Обратилась к нему, как к живому:
– Ну, здравствуй, дедушка! Вот и свиделись!
В коммуне всё было общим
Итак, мой дед отдал в коммуну всё своё имущество, нажитое честным трудом всех членов семьи: берите, пользуйтесь, будем живы-здоровы, станем трудиться, наживём ещё – руки, ноги есть, голова на плечах.
Почему же дворяне, графья, помещики, капиталисты и прочие народные кровососы не поделились с угнетаемым ими народом своими богатствами, которые они не заработали? Пустились в бега по заграницам, начали писать жалостливые мемуары о том, какие они несчастные, и проклинать большевиков и Октябрьскую революцию? Нет сомнения, что эти люди предали анафеме и Третье марта 1861 года. Сетуют, что крепостное право в России было отменено преждевременно. (Через семьдесят лет оно снова было узаконено.) А ведь сами они эту революцию спровоцировали и накликали своей жадностью, непомерной эксплуатацией своего народа. Как же они этот народ ненавидели! Почему не отдали землю крестьянам? Почему не ввели восьмичасовой рабочий день на заводах и фабриках и т. д.? От обжорства и алчности. Поделились бы своим богатством с народом, и не было бы революции, и не пролились бы реки русской крови. Вместо роскошных балов эти рафинированные господа взялись бы за чапыги[14], а дамы отправились бы доить коров. Не слепые были, видели, что терять-то крестьянину, как и рабочему, нечего. Народ не мог терпеть бесконечно своё рабское положение, нечеловеческое существование. Рано или поздно что-то должно было произойти. Вот и случилось. Гром грянул и раскатился по всей земле. Как людей, семью псевдо-Романовых жалко. Зачем же расстреливать – сослали бы в Нерчинск или, как Меньшиковых, – в какой-нибудь Берёзов. Люди грамотные, нашли бы применение своим способностям, стали бы обучать крестьянских детей грамоте, занимались бы культурно-просветительской работой. Польза для общества была бы огромная. А Кровавое воскресенье, когда 9 января 1905 года расстреляли мирно идущих демонстрантов, погибли двести человек? Они не люди? А 4 апреля 1912 года расстрелянных на Ленских золотых приисках рабочих, когда погибли двести семьдесят человек, разве не жалко?

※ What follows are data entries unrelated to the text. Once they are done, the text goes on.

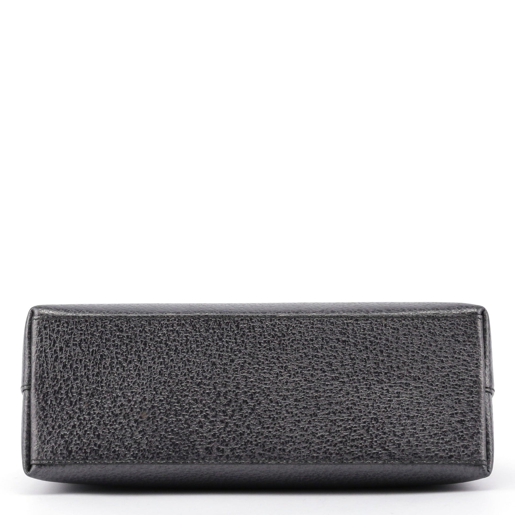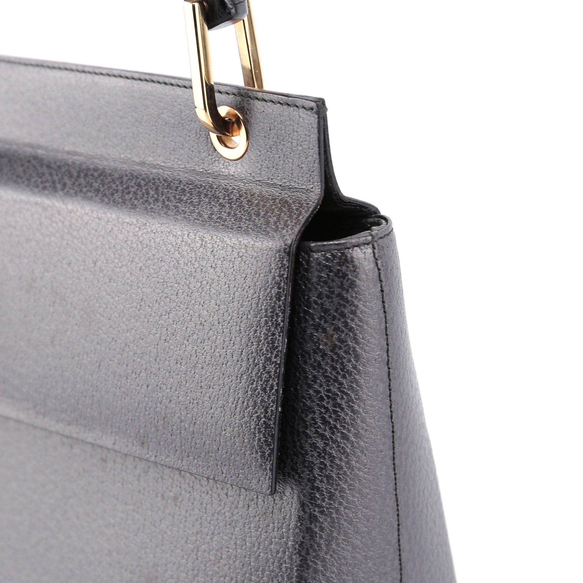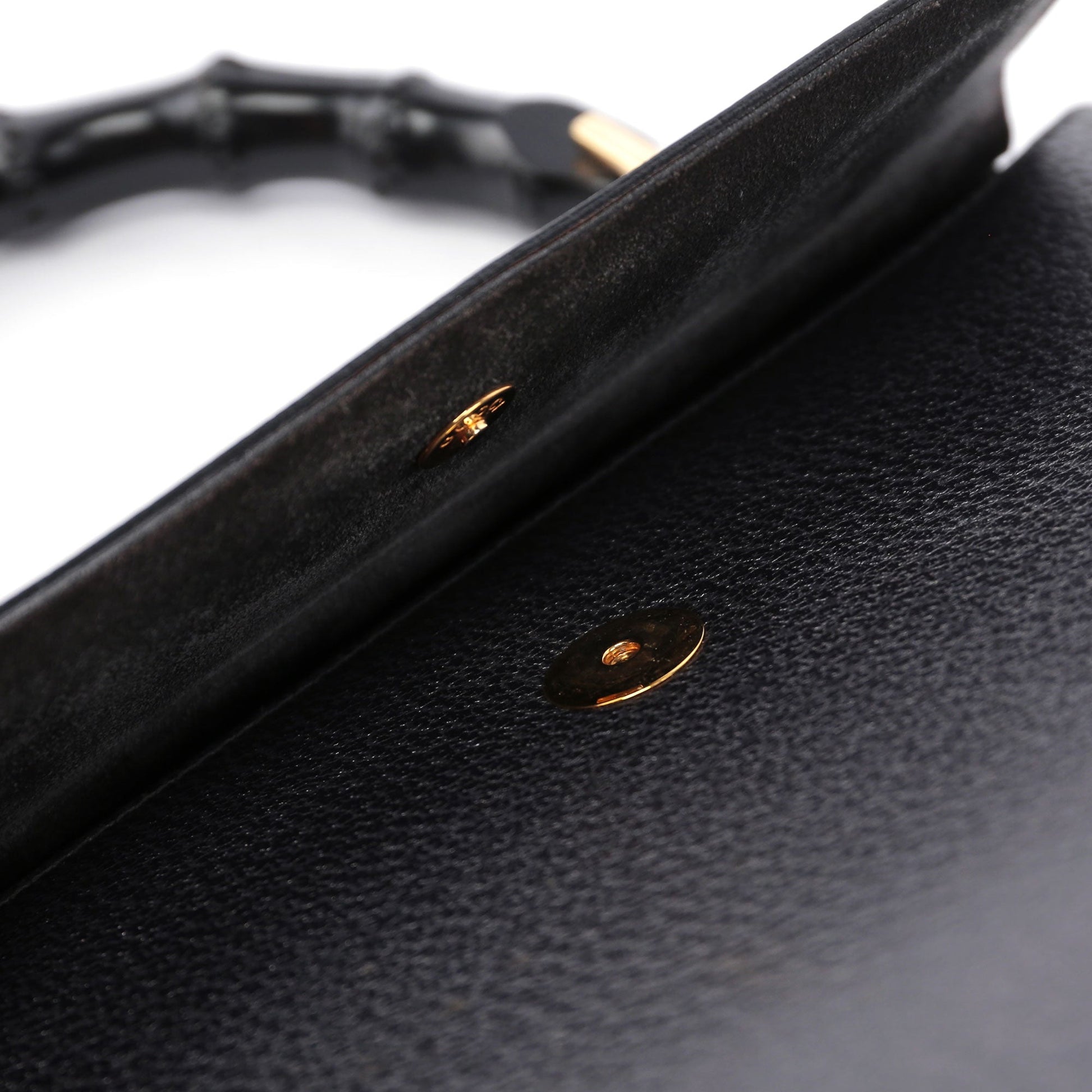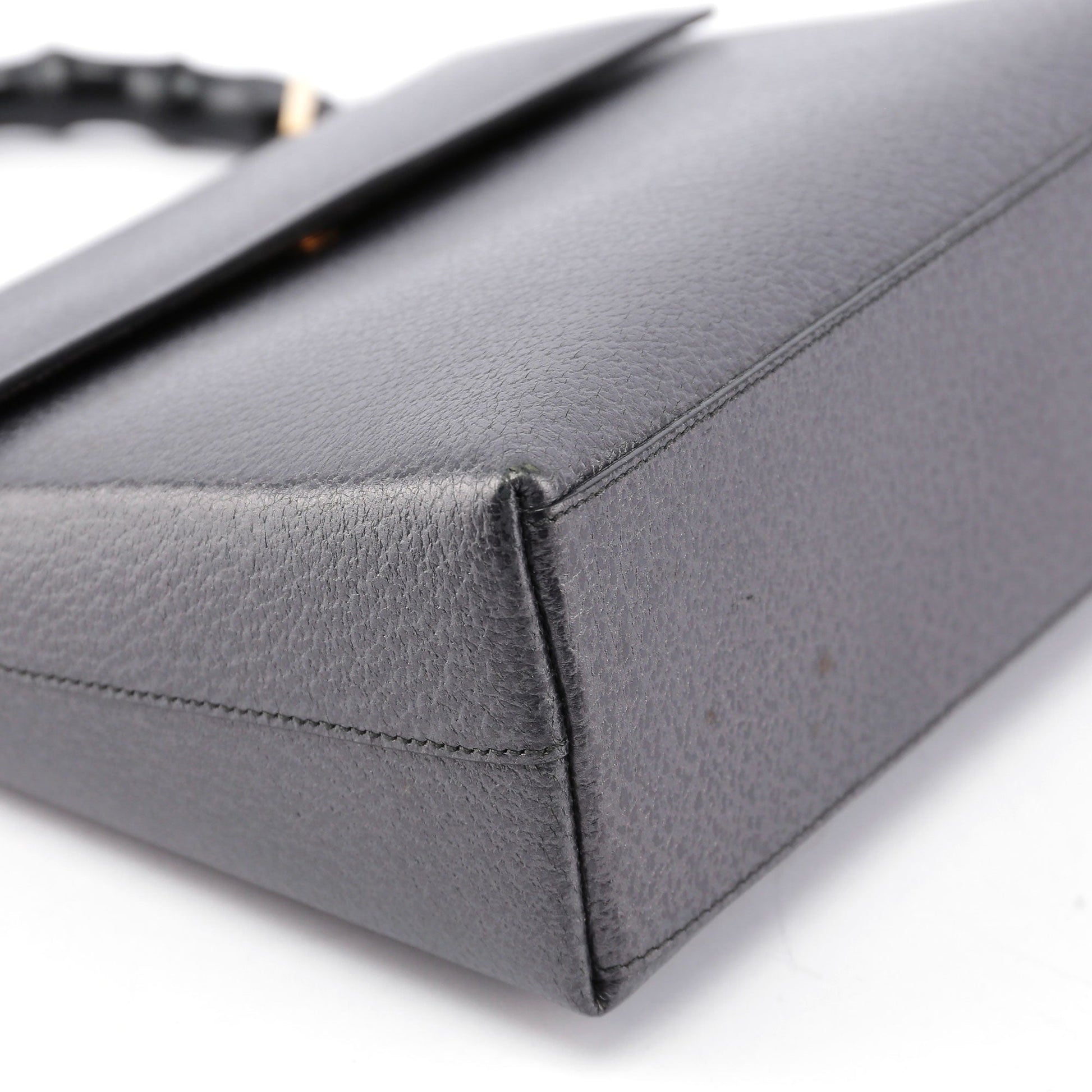 Designed by Tom Ford in the mid-'90s, this Gucci Bamboo top handle bag handcrafted in anthracite leather features gold-tone hardware and a gloss black bamboo handle. A flap with magnetic closure opens to a suede-lined interior with a zipper pocket, blending luxurious materials with iconic design.
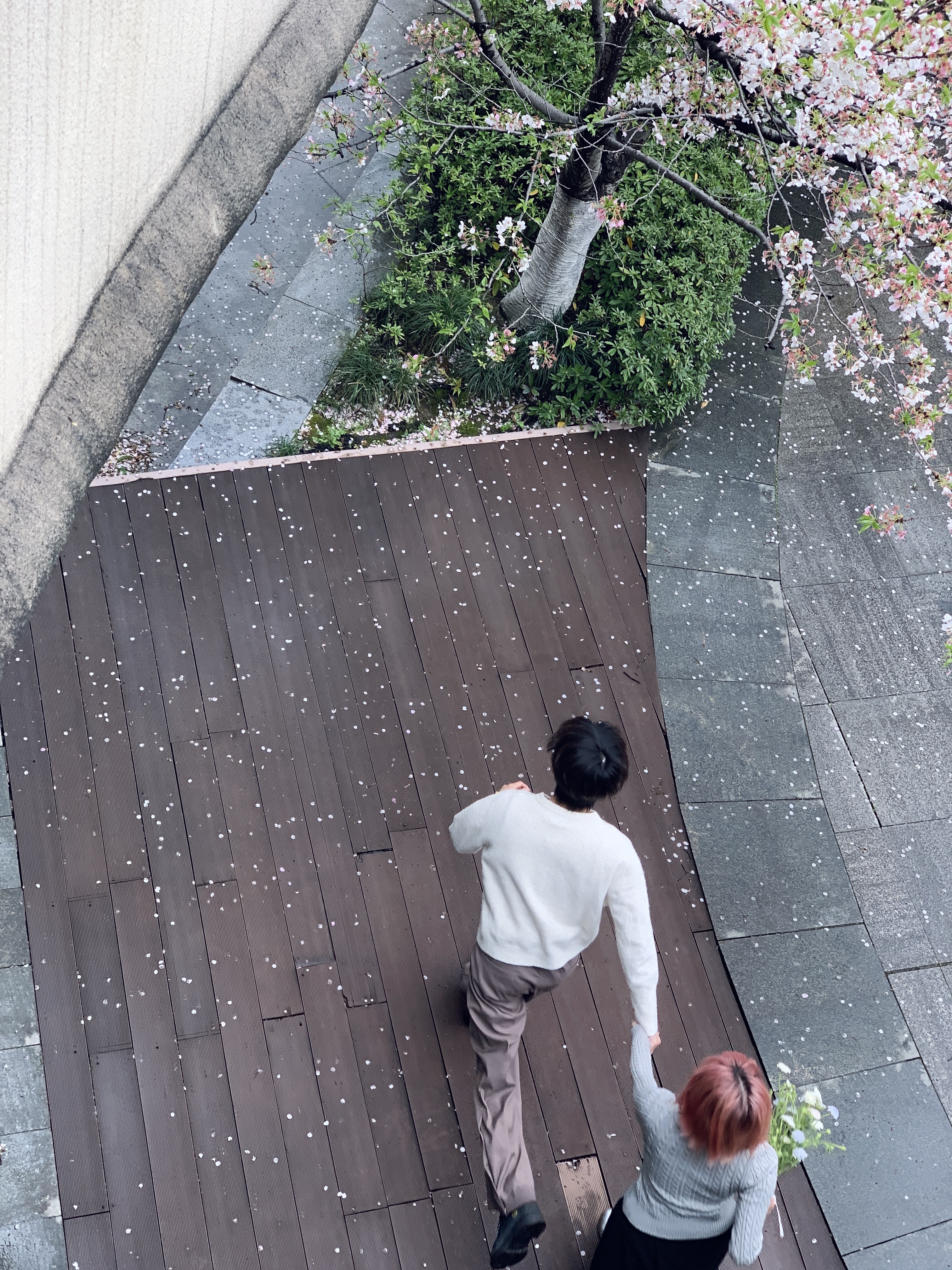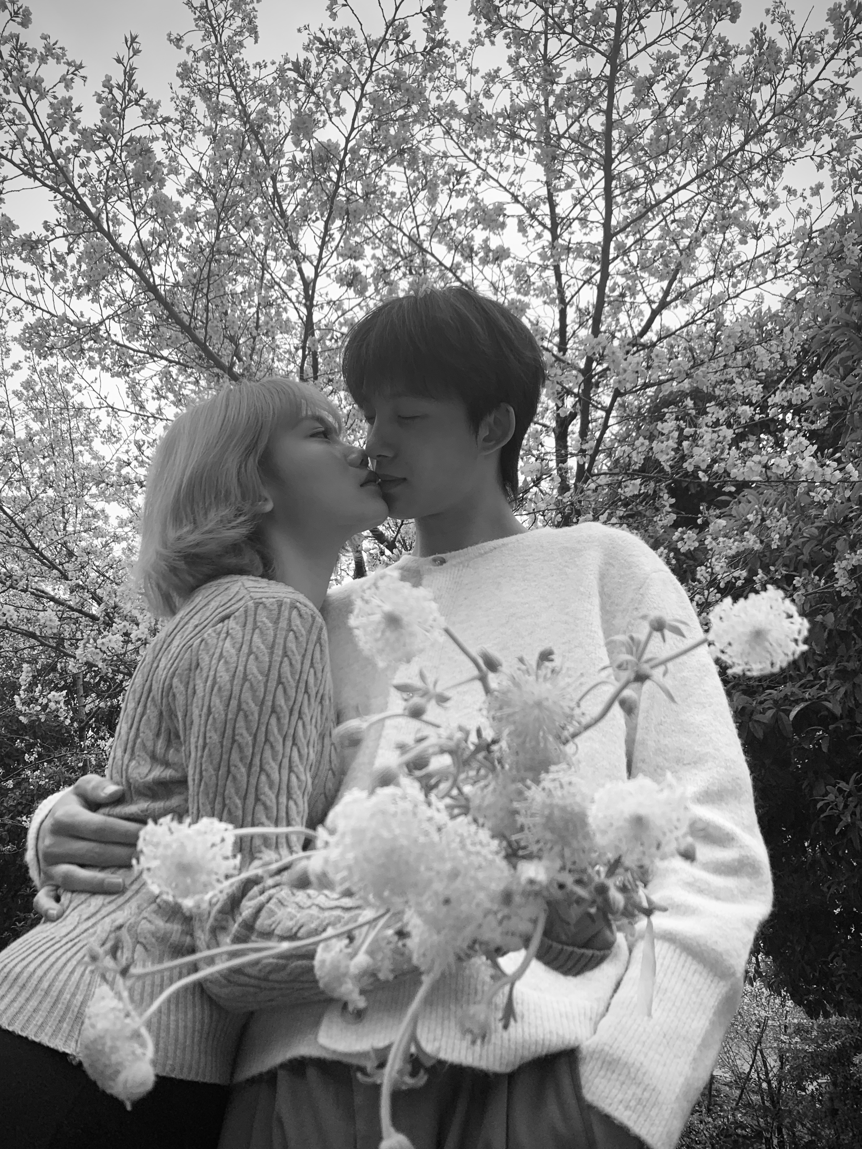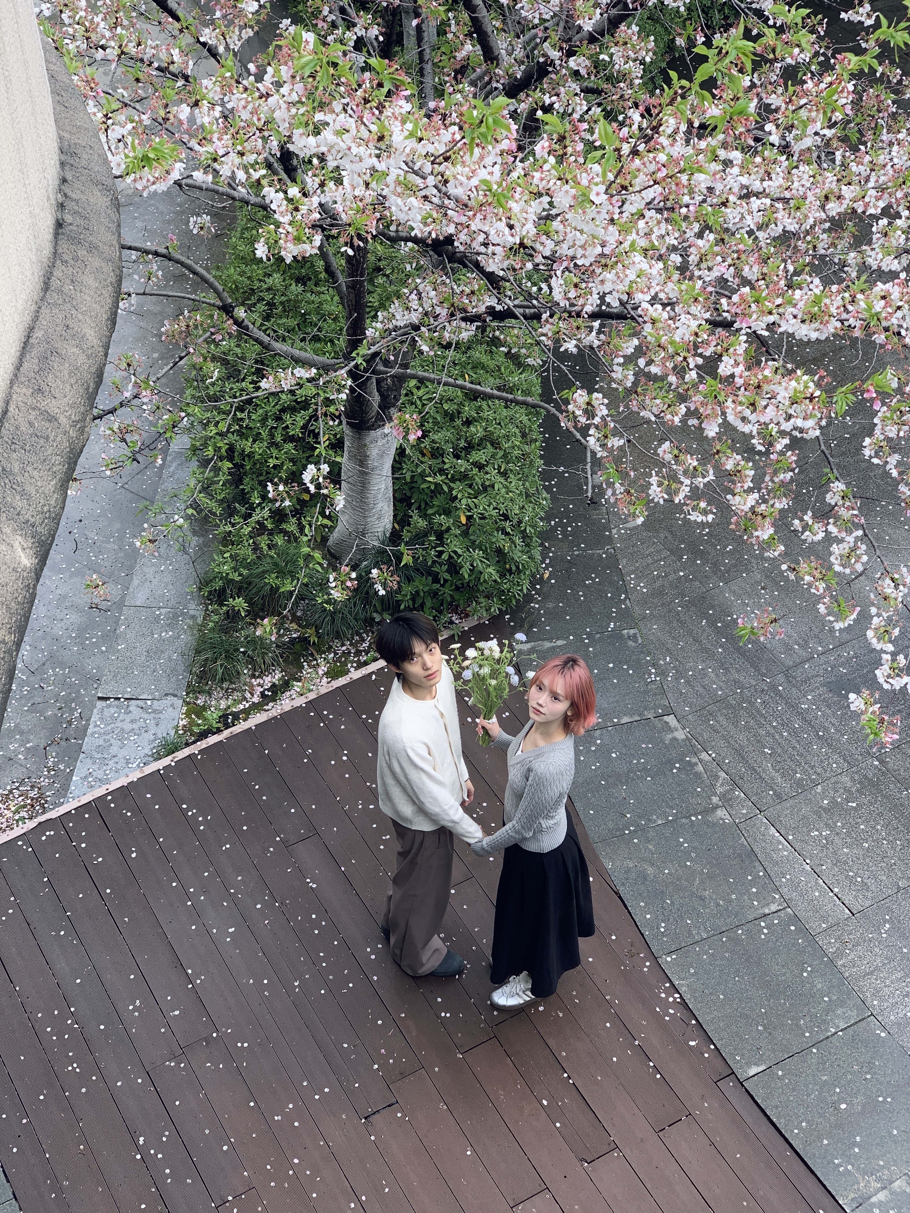满足了 在白樱谢幕前拍了情侣写真
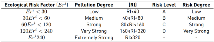To estimate and quantify the risk that an adverse effect can generate on the integrity of ecosystems, the Potential Ecological Risk Index was determined using formulas 2-4 [13]. Equation (2) is the contamination factor of a single element. Equation (3) represents the potential ecological risk factor of a single element, and Equation (4) is the comprehensive potential ecological risk index.
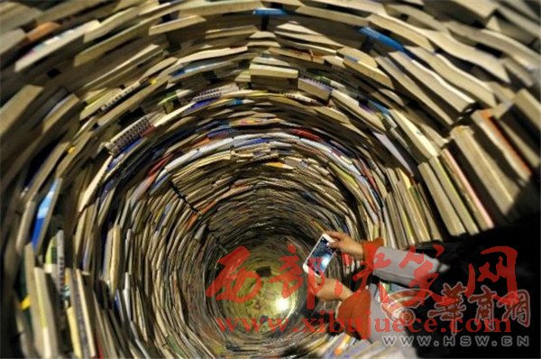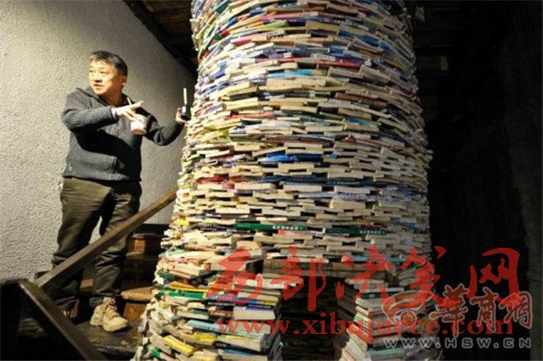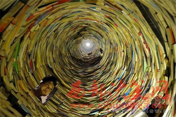 西安陪讀媽媽用4噸教輔書壘出7.5米高"書井"
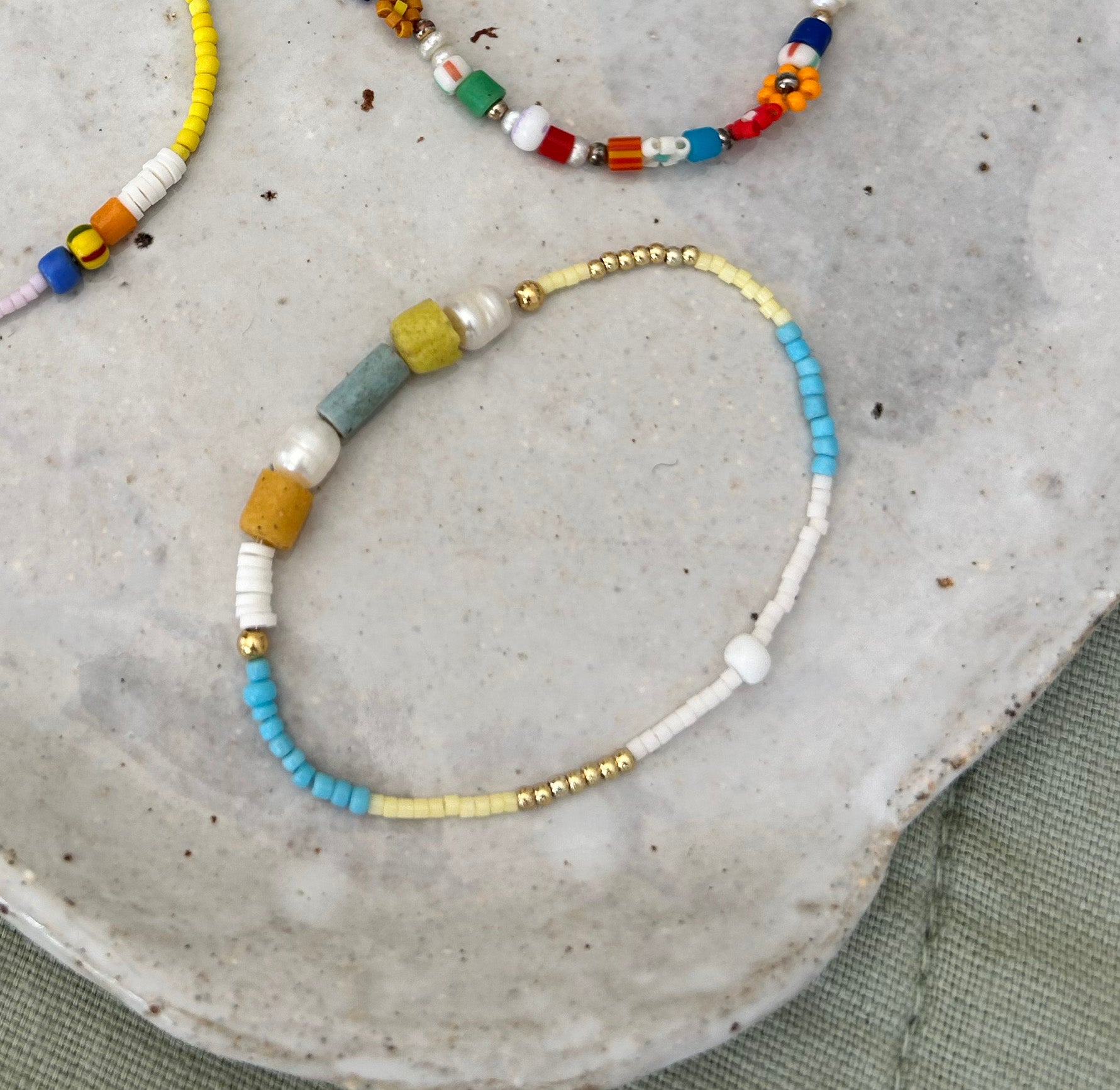 Coastal sea colourings. Unique African larger beads teamed with freshwater pearls, Japanese glass seed beads and 14kt gold filled beads on durable stretch nylon.
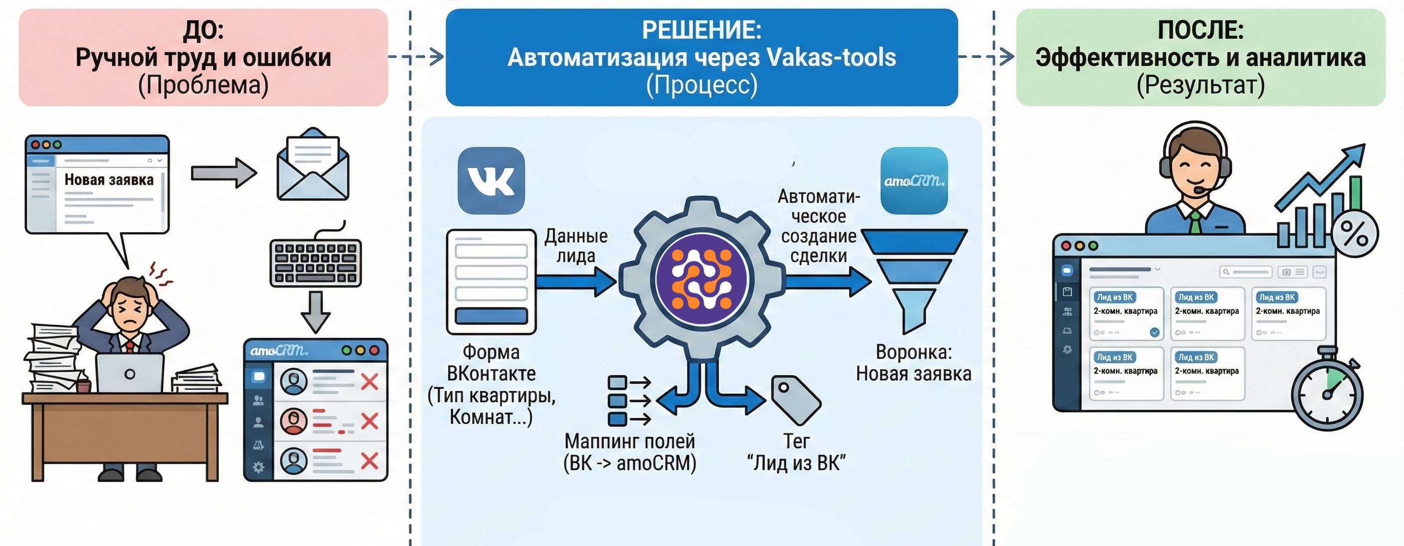 Кейс, где агентство недвижимости настроило автоматическую передачу лидов из VK в amoCRM и ускорило работу менеджеров почти вдвое.
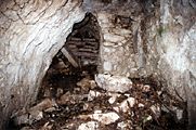 The flat land in south end of Group H is littered with large limestone chunks, most with evidence of shaping. They appear to be large architectural blocks or monuments in progress. The quarry behind Temple XXVI is less than 50 meters away and is probably the stones' point of origin.
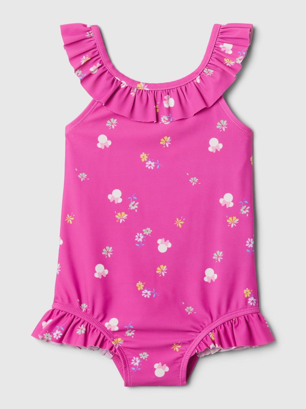 ベビーガールは、フリル付きワンピースや、ミニーマウスがプリントされたビビットピンクのワンピース、ラッシュガード×ボトムスの2点セットなど、ワンピースだけでなくセットアップも充実。パステルカラーの小花柄ショートオール×帽子の2点セットは、前ジップデザインなので着脱しやすく、初めての海やプールデビューをする小さなお子様にもおすすめです。ベビーボーイは、カラフルなバイカラートランクスが登場し、ボーイズとお揃いが楽しめます。
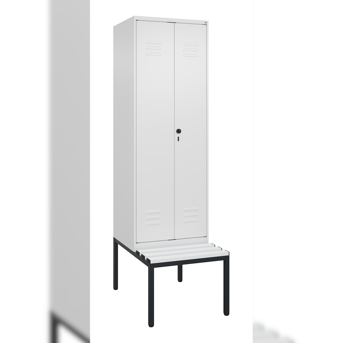 C+P Doppel-Spind Classic PLUS Kunststoff untergebaute Bank, 2 Abteile, Trennwand, HxBxT 212x60x82cm, Sicherheitsdrehriegel, Verkehrsweiß von PROREGAL

Они разве не люди? (Не зря народ наградил царя Николая II презренной кличкой Николай Кровавый.) Об этих и других трагических событиях, в которых безвинно погибло множество простого народа, все напрочь забыли, и церковь в том числе, помнит только о самом богатом помещике, самом жестоком эксплуататоре и главном виновнике всех российских бед – семье псевдо-Романовых. Теперь только о ней льются слёзы и устраиваются молебны.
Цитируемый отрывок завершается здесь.